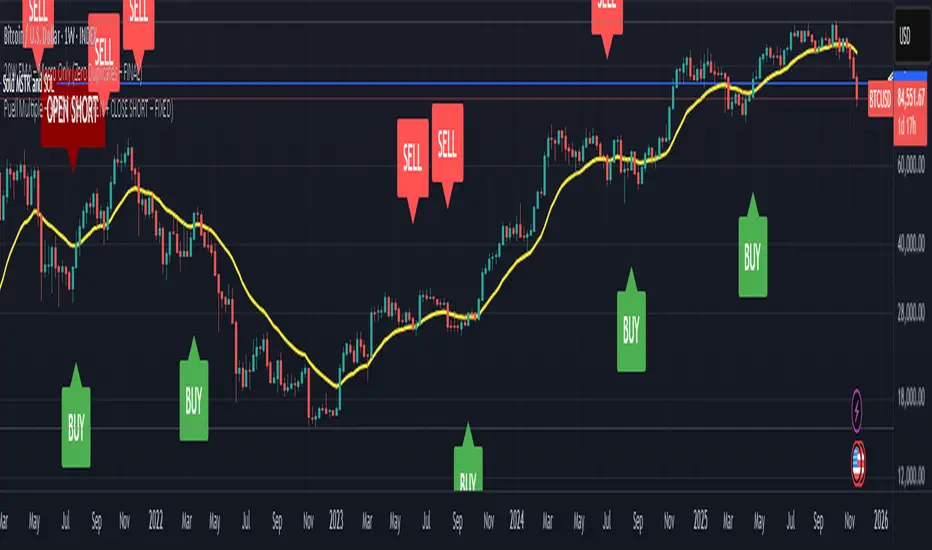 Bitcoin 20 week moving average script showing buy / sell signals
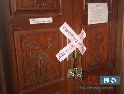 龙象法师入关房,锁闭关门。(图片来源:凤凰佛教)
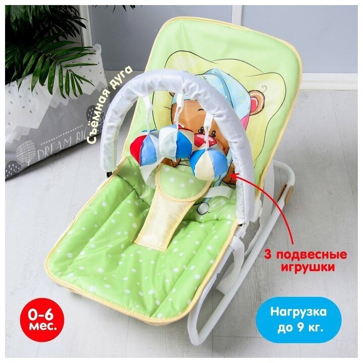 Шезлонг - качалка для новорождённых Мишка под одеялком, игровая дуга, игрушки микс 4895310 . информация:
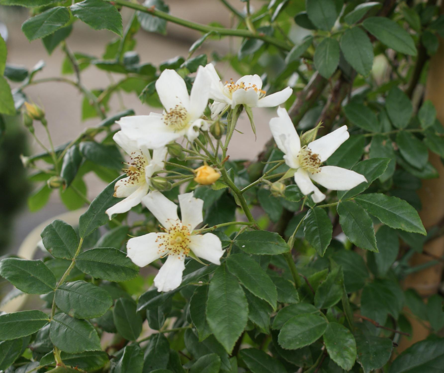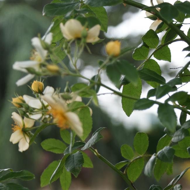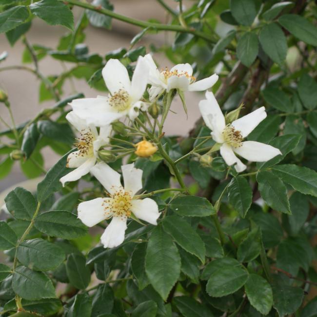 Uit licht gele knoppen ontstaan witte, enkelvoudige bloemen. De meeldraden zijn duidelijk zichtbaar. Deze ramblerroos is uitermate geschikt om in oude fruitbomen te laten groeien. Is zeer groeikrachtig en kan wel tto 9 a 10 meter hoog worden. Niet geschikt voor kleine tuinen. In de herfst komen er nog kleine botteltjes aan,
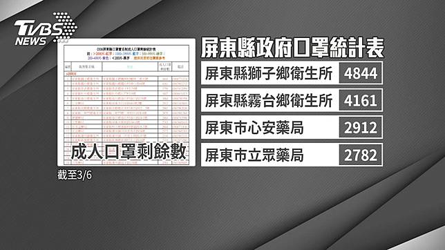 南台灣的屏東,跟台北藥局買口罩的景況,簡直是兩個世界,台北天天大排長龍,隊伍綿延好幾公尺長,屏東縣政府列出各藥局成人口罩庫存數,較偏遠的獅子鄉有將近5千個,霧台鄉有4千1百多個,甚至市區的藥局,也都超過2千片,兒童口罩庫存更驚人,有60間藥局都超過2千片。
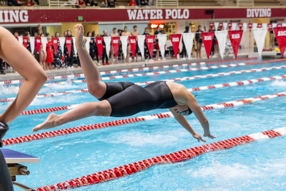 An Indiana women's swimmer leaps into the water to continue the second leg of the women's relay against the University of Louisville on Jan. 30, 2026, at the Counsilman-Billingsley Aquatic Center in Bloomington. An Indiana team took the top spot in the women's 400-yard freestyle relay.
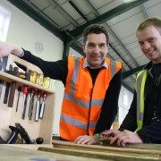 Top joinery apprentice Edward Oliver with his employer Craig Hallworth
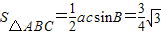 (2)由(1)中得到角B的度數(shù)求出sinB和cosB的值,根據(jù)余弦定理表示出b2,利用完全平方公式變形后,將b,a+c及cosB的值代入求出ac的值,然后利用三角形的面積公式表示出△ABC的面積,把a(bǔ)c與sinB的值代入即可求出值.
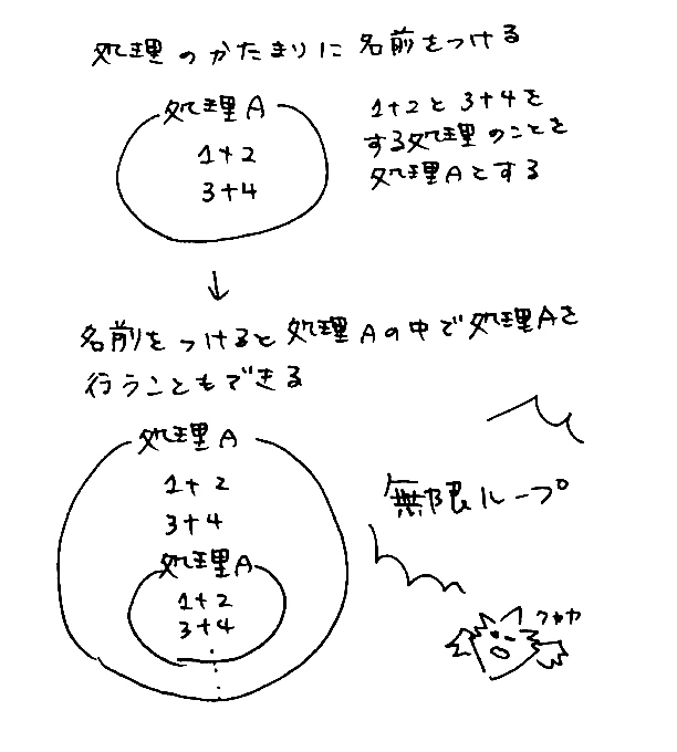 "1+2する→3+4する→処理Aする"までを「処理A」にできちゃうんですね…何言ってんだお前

| Assigned task |
Every line in the data above needs to be given again exactly, pictures aside.

| Response to this task |
 Bitcoin 20 week moving average script showing buy / sell signals
 龙象法师入关房,锁闭关门。(图片来源:凤凰佛教)
 Шезлонг - качалка для новорождённых Мишка под одеялком, игровая дуга, игрушки микс 4895310 . информация:
 Uit licht gele knoppen ontstaan witte, enkelvoudige bloemen. De meeldraden zijn duidelijk zichtbaar. Deze ramblerroos is uitermate geschikt om in oude fruitbomen te laten groeien. Is zeer groeikrachtig en kan wel tto 9 a 10 meter hoog worden. Niet geschikt voor kleine tuinen. In de herfst komen er nog kleine botteltjes aan,
 南台灣的屏東,跟台北藥局買口罩的景況,簡直是兩個世界,台北天天大排長龍,隊伍綿延好幾公尺長,屏東縣政府列出各藥局成人口罩庫存數,較偏遠的獅子鄉有將近5千個,霧台鄉有4千1百多個,甚至市區的藥局,也都超過2千片,兒童口罩庫存更驚人,有60間藥局都超過2千片。
 An Indiana women's swimmer leaps into the water to continue the second leg of the women's relay against the University of Louisville on Jan. 30, 2026, at the Counsilman-Billingsley Aquatic Center in Bloomington. An Indiana team took the top spot in the women's 400-yard freestyle relay.
 Top joinery apprentice Edward Oliver with his employer Craig Hallworth
 (2)由(1)中得到角B的度數(shù)求出sinB和cosB的值,根據(jù)余弦定理表示出b2,利用完全平方公式變形后,將b,a+c及cosB的值代入求出ac的值,然后利用三角形的面積公式表示出△ABC的面積,把a(bǔ)c與sinB的值代入即可求出值.
 "1+2する→3+4する→処理Aする"までを「処理A」にできちゃうんですね…何言ってんだお前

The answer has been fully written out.